Эти темы действительно стоят особняком: жалобы на жестокое обращение — сексуальное, физическое, психологическое — лишь на последнем месте по частоте звонков. Психологи из этических соображений не разглашают подробностей этих историй, обрисовывают лишь общую канву. Например, как-то позвонила обеспокоенная мама, которой показалось, что свекор как-то не по-родственному обнимал шестилетнюю дочку. Психолог долго разговаривает, выясняет подробности, советует, как поступить и куда обратиться. Специалисты сами признают: ситуация сложная и неоднозначная, нужен тонкий подход.
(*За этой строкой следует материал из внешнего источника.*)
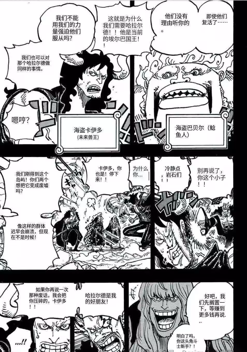 凱多也加入洛克斯海賊團了,還有一位魚人族,洛克斯正在公布一個大計劃,準備尋找兩個神級惡魔果實,其中一個就在艾爾巴夫。洛克斯要讓哈拉爾德國王吃掉這個惡魔果實,不過哈拉爾德國王一直拒絕洛克斯,凱多就說強迫他加入洛克斯海賊團,結果被洛克斯揍了一腳。
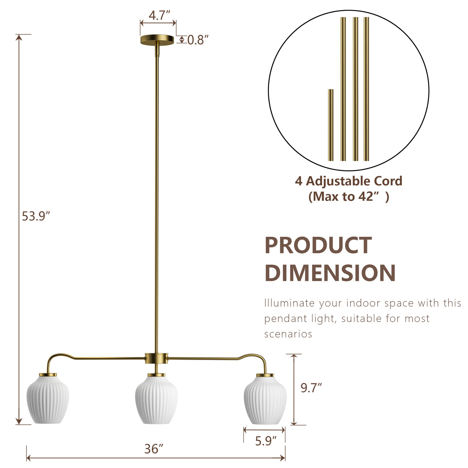 - Wide 36" Modern Design — Ideal scale for dining tables and kitchen islands, creating balanced, even illumination.

Нередко бывает, что в таких ситуациях психологи ведут абонента: скажем, порекомендовали человеку обратиться в органы опеки или в комиссию по делам несовершеннолетних, а результата нет. Тогда сотрудники сами делают запрос в контролирующую организацию, добиваются помощи, выступают посредниками…
Анна Ермолаева вспоминает два случая, когда позвонили сами насильники. В одном случае получилось вроде как не со зла: парень и девушка встречались, но в какой-то момент она не захотела близости, а он настоял. После этого переживал и спрашивал, как наладить отношения. А второй позвонил с вопросом: как ему избежать уголовной ответственности? Ситуация действительно криминальная: компания парней и девушек отмечала окончание учебного года, но в какой-то момент отмечание превратилось в разгул. Потерявшие контроль над собой парни изнасиловали одну из девушек… После случившегося парень стал интересоваться, как бы замять дело. «Мы, психологи, не должны оценивать и осуждать человека, который к нам позвонил. По телефону доверия может обратиться любой человек, который нуждается в экстренной психологической помощи, причем анонимно, нам абонент неизвестен, — рассказывает Анна Ермолаева. — Однако в этом случае я сказала, как называется то, что он сделал. Мы договорились о том, что ему необходимо искать способы получить прощение этой девушки. Или сделать что-то, чтобы как минимум смягчить боль от полученной травмы…»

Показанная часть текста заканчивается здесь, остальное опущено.